The decomposition products of the third rank contravariant tensor in 3+1 space

The third rank tensor contains a scalar, three vectors, two quadrupoles, and an octupole. The tensor of each rank is irreducible, meaning that it is not expressible by any linear combination of tensors of lower rank.

The following calculations are based on the tensor decomposition equation [1]. The third rank tensor is the gradient of the second rank tensor, which was derived in Section 2.

The scalar is -div E, where E is the electrostatic field:

div(grad(Ψ) + 1/c ∂A/∂t).

The first vector is the time derivative of the magnetic field,

∂/∂t (curl A).

The second vector is the gradient of the 3+1 space expansion factor,

grad(div(A) + 3/c ∂Ψ/∂t).

The 4-vector equations of Section 2 do not contain the factor of 3.

The third vector is

div(grad A) - 1/c grad(∂Ψ/∂t).

div(grad A) is the same as ∇2A, which, by a vector identity, is the same as grad(div A) - curl(curl A).
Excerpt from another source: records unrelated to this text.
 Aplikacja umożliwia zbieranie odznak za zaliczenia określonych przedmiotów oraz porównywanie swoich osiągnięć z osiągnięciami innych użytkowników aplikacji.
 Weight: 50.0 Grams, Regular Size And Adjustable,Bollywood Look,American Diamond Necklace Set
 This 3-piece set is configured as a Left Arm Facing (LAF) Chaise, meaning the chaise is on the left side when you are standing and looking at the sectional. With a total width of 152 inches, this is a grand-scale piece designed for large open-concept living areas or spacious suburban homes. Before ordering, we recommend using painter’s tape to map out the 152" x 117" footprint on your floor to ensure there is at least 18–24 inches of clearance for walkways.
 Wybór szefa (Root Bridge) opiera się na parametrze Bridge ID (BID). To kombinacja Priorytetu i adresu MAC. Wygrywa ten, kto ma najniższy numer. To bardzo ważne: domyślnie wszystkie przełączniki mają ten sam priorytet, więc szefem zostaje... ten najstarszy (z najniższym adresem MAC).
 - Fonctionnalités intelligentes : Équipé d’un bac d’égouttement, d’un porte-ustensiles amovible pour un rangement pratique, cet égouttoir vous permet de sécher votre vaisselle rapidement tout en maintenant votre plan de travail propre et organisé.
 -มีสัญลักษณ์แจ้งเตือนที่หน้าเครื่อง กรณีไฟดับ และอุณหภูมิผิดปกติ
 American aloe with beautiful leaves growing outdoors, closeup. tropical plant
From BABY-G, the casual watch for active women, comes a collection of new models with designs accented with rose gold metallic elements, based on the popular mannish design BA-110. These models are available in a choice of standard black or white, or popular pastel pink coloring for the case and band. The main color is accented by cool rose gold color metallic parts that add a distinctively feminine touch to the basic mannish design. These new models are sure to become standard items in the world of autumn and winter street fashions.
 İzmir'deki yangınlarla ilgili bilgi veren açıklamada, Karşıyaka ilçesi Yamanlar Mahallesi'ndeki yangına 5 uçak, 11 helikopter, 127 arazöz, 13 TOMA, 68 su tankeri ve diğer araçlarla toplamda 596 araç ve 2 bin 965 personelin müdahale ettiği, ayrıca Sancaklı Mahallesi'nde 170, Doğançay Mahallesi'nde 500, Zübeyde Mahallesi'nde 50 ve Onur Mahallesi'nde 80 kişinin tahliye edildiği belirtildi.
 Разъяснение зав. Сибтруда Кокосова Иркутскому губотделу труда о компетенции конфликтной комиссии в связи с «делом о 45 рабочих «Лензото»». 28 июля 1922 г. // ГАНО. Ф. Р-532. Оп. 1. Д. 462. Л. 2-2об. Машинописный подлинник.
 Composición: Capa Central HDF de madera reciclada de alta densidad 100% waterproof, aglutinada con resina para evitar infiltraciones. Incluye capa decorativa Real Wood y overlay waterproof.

The three vectors are not uniquely specified by the decomposition algorithm [1]. Linear combinations of the three original solutions have been selected for a better orthogonality. The coefficients of the vectors have been dropped.
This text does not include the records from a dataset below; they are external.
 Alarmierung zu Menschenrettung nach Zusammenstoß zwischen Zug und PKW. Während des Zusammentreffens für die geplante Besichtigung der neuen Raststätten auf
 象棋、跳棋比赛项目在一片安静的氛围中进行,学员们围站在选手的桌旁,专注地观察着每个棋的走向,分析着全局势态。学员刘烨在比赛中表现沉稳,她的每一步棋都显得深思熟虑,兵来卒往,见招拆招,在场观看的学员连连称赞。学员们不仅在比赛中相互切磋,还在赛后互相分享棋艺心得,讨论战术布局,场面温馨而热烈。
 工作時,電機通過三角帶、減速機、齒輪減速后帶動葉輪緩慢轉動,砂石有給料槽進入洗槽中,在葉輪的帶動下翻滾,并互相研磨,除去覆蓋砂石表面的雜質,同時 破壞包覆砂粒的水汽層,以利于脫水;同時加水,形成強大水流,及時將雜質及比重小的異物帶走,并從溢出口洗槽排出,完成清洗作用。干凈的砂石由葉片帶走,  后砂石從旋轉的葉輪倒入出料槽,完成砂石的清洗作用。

If the additional constraint is imposed that the whole tensor should be equal to the sum of its decomposition products then the three vectors are uniquely defined. The uniqueness is shown in Section 3.2 below. A particular linear combination of the above vectors must be used. The calculation is mine, but it does not appear to be controversial. The two quadrupoles and the octupole are also shown there.

The fourth rank tensor contains 3 scalars, 6 vectors, 6 quadrupoles, 3 octupoles, and 1 hexadecapole. I will decompose the tensor in 3+1 space one day, but not soon. Sometimes it seems that the fourth rank tensor should play a special role in the four dimensional space.